AutoNUE 2019 Benchmark

The challenge will have 4 benchmarks, details of which can be seen bellow:

1. Segmentation
2. Panoptic Segmentation
3. Segmentation in Constrained Devices
4. Localization

1. AutoNue '19 - Segmentation

The segmentation challenge involves pixel level predictions for all the 26 classes at level 3 of the label hierarchy (see Overview, for details of the level 3 ids).

Dataset

IDD20K is an expanded version of the IDD dataset released last year with fine annotations for 20K images.

Directions for Participation

1. Register an account at http://idd.insaan.iiit.ac.in/, with event selected as "AutoNUE Challenge 2019".
2. Go to Dataset > Download page in the menu.
3. Dataset consists of 2 parts which are available for download.
4. First part is the IDD - Segmentation (IDD 20k Part I) that was released last year.
5. The other part is IDD 20k Part II.
6. Extract both the downloaded compressed files in to the same folder.
7. Please run the data preparation code for generating ground truth segmentation mask as documented here: https://github.com/AutoNUE/public-code. Use the following command for segmentation mask generation:
   python preperation/createLabels.py --datadir $ANUE --id-type level3Id --num-workers $C
8. Once you have built a model, and have the predictions of the model in any of the split (train, val), you can evaluate the metric as directed here: https://github.com/AutoNUE/public-code#evaluation. Use the following command for segmentation evaluation:
   python evaluate/evaluate_mIoU.py --gts $GT --preds $PRED --num-workers $C
   Your predictions is a png image, which has the size of 1280x720. Each pixel of this image contains the label as level3Ids (see labels code) of the corresponding image (resized to 1280x720). The evaluation code above resizes both your prediction and ground truth png files to 1280x720, in case they are not of that size.
9. Finally you can upload the predictions for the test split (4k; 2k each from the two parts of IDD20K), to be evaluated for the leaderboard here: http://idd.insaan.iiit.ac.in/evaluation/submission/submit/

Output Format

The output format is a png image with the same resolution as the input image, where the value of every pixel is an integer in {0. .... , 26}, where the first 0-25 classes corresponds to the level3Ids (see Overview, for details of the level 3 ids) and the class 26 is used as a miscellaneous class.

Metric

We will be using the mean Intersection over Union metric. All the ground truth and predictions maps will be resized to 720p (using nearest neighbor) and True positives (TP), False Negatives (FN) and False positives (FP) will be computed for each class (except 26) over the entire test split of the dataset. Intersection over Union (IoU) will be computed for each class by the formula TP/(TP+FN+FP) and the mean value is taken as the metric (commonly known as mIoU) for the segmentation challenge.
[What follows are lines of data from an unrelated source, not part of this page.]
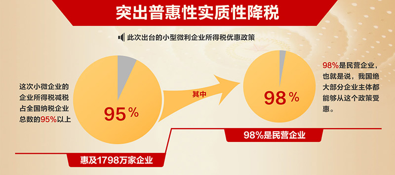張連起:提高增值稅小規(guī)模納稅人起征點,放寬小型微利企業(yè)標(biāo)準(zhǔn)并加大優(yōu)惠力度。這比原來認(rèn)定的標(biāo)準(zhǔn)有大幅度的提升,也就是說有更多的企業(yè)會被認(rèn)定為小型微利企業(yè)。據(jù)測算,認(rèn)定為小型微利企業(yè)戶數(shù)1798萬戶,占全部納稅企業(yè)的比重超過95%,其中98%是民營企業(yè)。也就是說,我國絕大部分企業(yè)主體都能夠從這個政策中受惠。
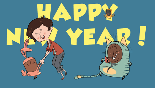 A boy and his animal friends, including Sam, Suzie, Zipzip, and Eugenie, celebrate a Happy New Year.
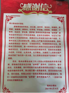 据悉,我国电信诈骗呈现上升的趋势,犯罪分子利用各种形式进行诈骗,周口市川汇区陈州办事处全体人员积极主动宣传反诈骗的各种活动,但负责区域面积大,人手严重不够。2021年5月初,陈州办事处在网上招幕反电信诈骗活动志愿者,金年会汽车与机电工程学院学生齐伟达、佘立森和彭芳菲等17人积极报名,成了反诈骗志愿者一员,为社会为人民群众做出了自己应尽的贡献。

Additionally we will also be reporting the mIoU for level 2 and level 1 ids also at 720p resolution in the leader board. Evaluation scripts are available here: https://github.com/AutoNUE/public-code

Results

2. AutoNue '19 - Panoptic Segmentation

In the panoptic segmentation benchmark, the model is expected to segment each instance of a class separately. Instance segments are only expected of "things" classes which are all level3Ids under living things and vehicles (ie. level3Ids 4-12). We are also planning to have a panoptic segmentation challenge. More details regarding this task and metrics can be found in the links bellow:

• Panoptic Segmentation: Alexander Kirillov, Kaiming He, Ross Girshick, Carsten Rother, Piotr Dollár. "Panoptic Segmentation." CVPR (2019). [paper]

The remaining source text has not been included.